The default Kubernetes pod limit is 110 pods per node, regardless of resource availability. Even if your node has enough CPU and memory for 200 pods, you'll hit this hard limit first. Production clusters often override this with --max-pods-per-node, but consider network and storage implications before going beyond 110.

Why can't I run more pods even when my cluster looks empty?

How do I know if CPU or memory is limiting my pod capacity?
The calculator shows which resource is your bottleneck. If CPU-constrained, consider pods with lower CPU requests or nodes with more cores. If memory-constrained, reduce pod memory requests or add nodes with more RAM. You can also check kubectl describe nodes to see actual resource allocation.
What happens if I don't set resource requests for my pods?

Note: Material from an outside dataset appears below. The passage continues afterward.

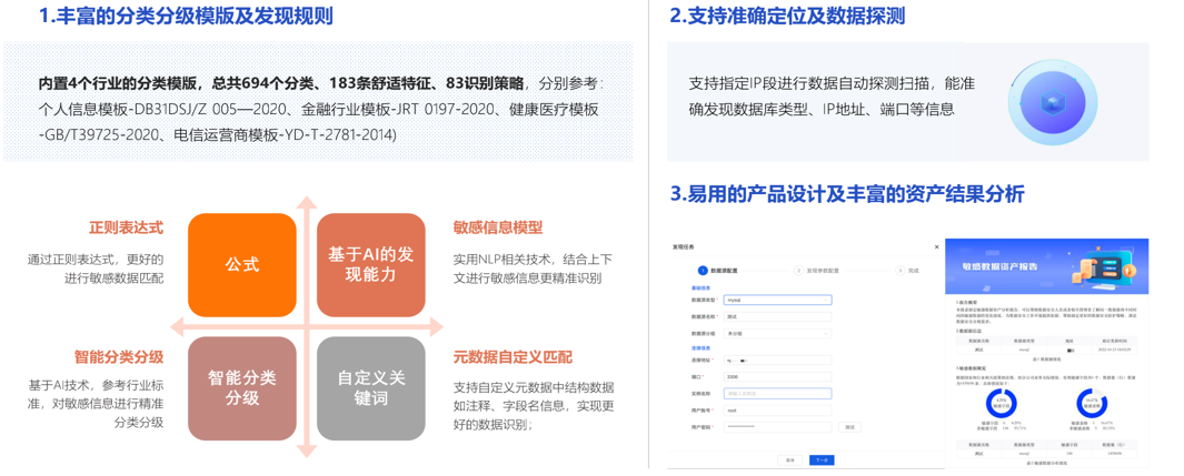 通过隐私计算、联邦学习技术,实现数据不出域的前提下输出并交付计算结果;支持数据交易信息区块链存证,实现交付印证和监管;支持智能扫库和数据分类分级策略配置,实现低成本、自动化的数据资产管理

Pods without resource requests can be scheduled anywhere, but Kubernetes can't guarantee they'll have enough resources to run properly. This leads to resource contention, performance issues, and unpredictable pod evictions. Always set CPU and memory requests for production workloads.
Should I include system reserve in my capacity planning?
Yes, always reserve 10-20% of node capacity for kubelet, container runtime, and operating system processes. Cloud providers like AWS EKS automatically reserve resources, but self-managed clusters need manual configuration. Without system reserve, nodes become unstable under load.